> [ABOUT THIS TASK]
Below is a listing with pictures. Repeat exactly the lines starting at the one holding "samolepka, podle receptury" and going on through the one holding "ตั้งจุดตรวจจุดสกัด กวดขันวินัยจราจร 22", and leave every picture out.

> [THE INPUT]
____

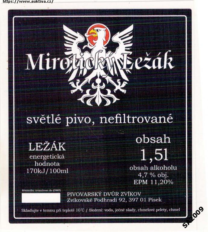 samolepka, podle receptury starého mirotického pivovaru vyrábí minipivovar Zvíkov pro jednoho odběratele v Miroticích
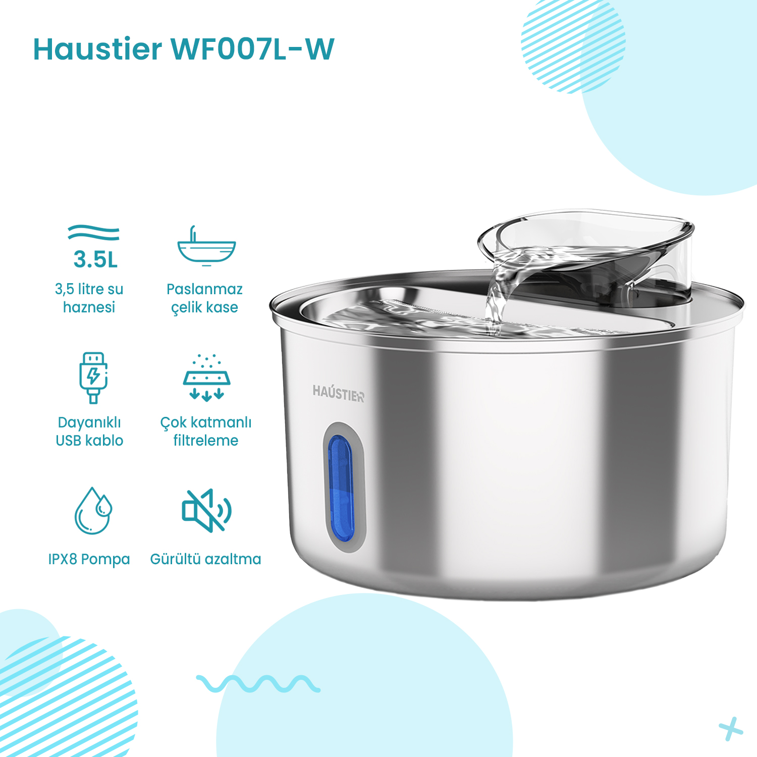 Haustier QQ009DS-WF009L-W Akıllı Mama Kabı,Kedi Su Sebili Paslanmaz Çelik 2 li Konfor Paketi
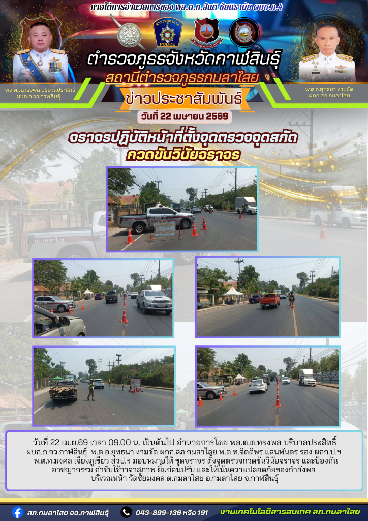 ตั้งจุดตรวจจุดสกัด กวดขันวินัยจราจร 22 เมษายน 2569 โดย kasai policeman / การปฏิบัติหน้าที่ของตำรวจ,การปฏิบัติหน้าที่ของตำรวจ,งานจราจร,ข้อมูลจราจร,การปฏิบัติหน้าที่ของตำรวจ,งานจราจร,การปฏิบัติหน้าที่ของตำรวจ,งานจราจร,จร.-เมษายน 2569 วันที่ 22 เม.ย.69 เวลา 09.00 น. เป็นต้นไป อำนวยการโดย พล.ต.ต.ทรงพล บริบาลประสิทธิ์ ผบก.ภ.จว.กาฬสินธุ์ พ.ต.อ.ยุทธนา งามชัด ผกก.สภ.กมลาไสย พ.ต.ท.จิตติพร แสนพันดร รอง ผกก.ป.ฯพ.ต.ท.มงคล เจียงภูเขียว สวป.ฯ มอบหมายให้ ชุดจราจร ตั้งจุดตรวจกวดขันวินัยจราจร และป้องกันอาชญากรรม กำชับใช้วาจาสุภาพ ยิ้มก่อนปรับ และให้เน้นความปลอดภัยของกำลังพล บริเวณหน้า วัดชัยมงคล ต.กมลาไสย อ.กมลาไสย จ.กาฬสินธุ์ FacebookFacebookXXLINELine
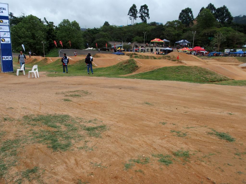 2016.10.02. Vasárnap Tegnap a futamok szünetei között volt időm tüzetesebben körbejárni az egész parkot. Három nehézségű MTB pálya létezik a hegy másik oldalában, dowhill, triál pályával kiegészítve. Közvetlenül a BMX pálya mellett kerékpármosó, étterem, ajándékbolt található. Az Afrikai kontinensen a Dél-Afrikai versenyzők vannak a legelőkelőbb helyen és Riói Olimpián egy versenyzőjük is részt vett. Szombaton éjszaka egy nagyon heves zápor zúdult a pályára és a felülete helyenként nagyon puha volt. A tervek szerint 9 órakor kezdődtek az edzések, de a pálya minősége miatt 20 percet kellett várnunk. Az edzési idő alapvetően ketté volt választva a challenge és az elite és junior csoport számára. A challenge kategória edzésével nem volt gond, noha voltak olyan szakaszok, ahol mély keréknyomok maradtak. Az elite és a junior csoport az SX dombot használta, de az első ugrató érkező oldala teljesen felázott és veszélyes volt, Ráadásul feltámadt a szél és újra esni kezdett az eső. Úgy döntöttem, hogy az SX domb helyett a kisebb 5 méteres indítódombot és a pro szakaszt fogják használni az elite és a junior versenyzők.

____

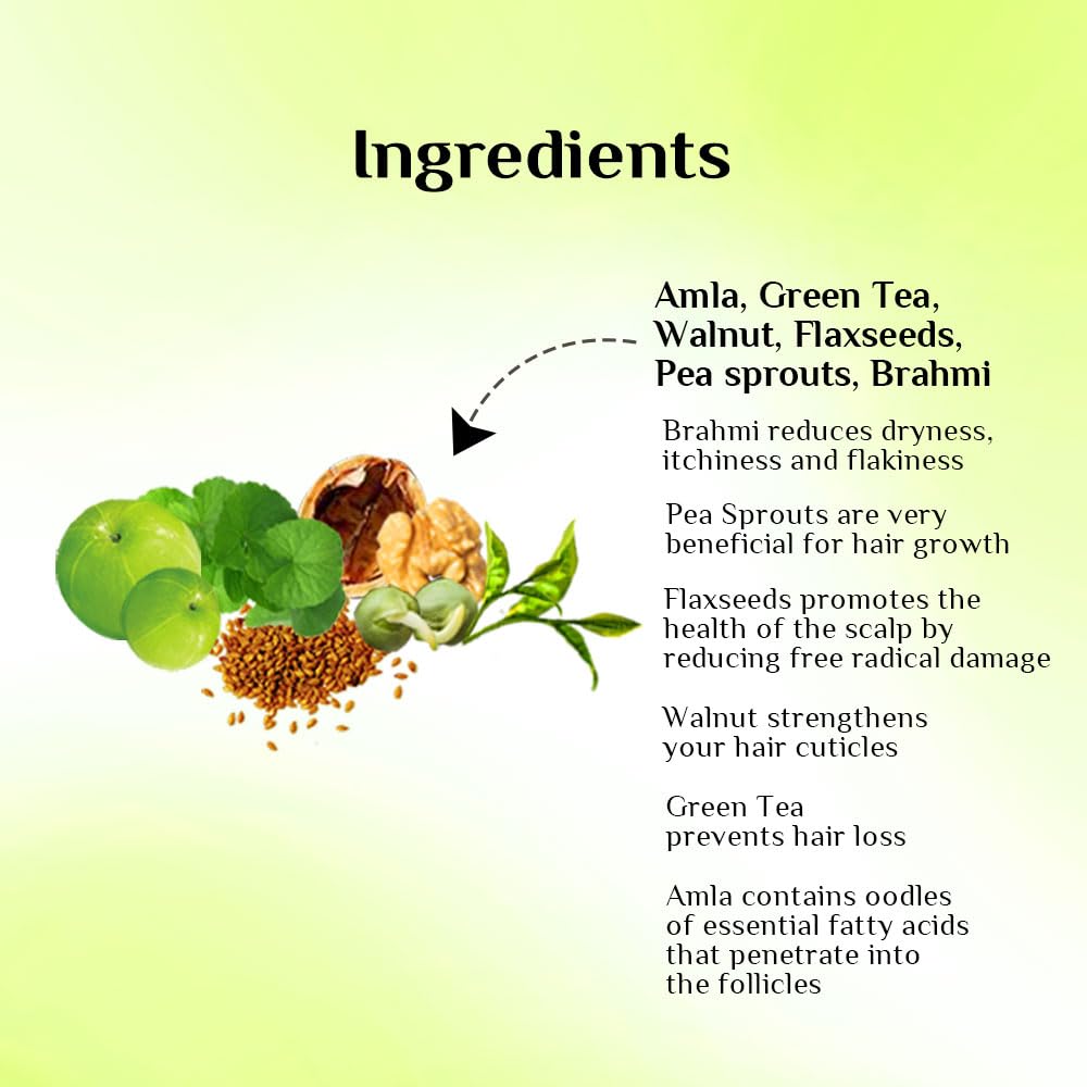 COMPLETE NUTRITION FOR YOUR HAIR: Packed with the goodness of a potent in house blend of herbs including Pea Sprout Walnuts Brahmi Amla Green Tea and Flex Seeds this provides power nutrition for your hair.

____

> [WRITTEN REPLY]
 samolepka, podle receptury starého mirotického pivovaru vyrábí minipivovar Zvíkov pro jednoho odběratele v Miroticích
 Haustier QQ009DS-WF009L-W Akıllı Mama Kabı,Kedi Su Sebili Paslanmaz Çelik 2 li Konfor Paketi
 ตั้งจุดตรวจจุดสกัด กวดขันวินัยจราจร 22 เมษายน 2569 โดย kasai policeman / การปฏิบัติหน้าที่ของตำรวจ,การปฏิบัติหน้าที่ของตำรวจ,งานจราจร,ข้อมูลจราจร,การปฏิบัติหน้าที่ของตำรวจ,งานจราจร,การปฏิบัติหน้าที่ของตำรวจ,งานจราจร,จร.-เมษายน 2569 วันที่ 22 เม.ย.69 เวลา 09.00 น. เป็นต้นไป อำนวยการโดย พล.ต.ต.ทรงพล บริบาลประสิทธิ์ ผบก.ภ.จว.กาฬสินธุ์ พ.ต.อ.ยุทธนา งามชัด ผกก.สภ.กมลาไสย พ.ต.ท.จิตติพร แสนพันดร รอง ผกก.ป.ฯพ.ต.ท.มงคล เจียงภูเขียว สวป.ฯ มอบหมายให้ ชุดจราจร ตั้งจุดตรวจกวดขันวินัยจราจร และป้องกันอาชญากรรม กำชับใช้วาจาสุภาพ ยิ้มก่อนปรับ และให้เน้นความปลอดภัยของกำลังพล บริเวณหน้า วัดชัยมงคล ต.กมลาไสย อ.กมลาไสย จ.กาฬสินธุ์ FacebookFacebookXXLINELine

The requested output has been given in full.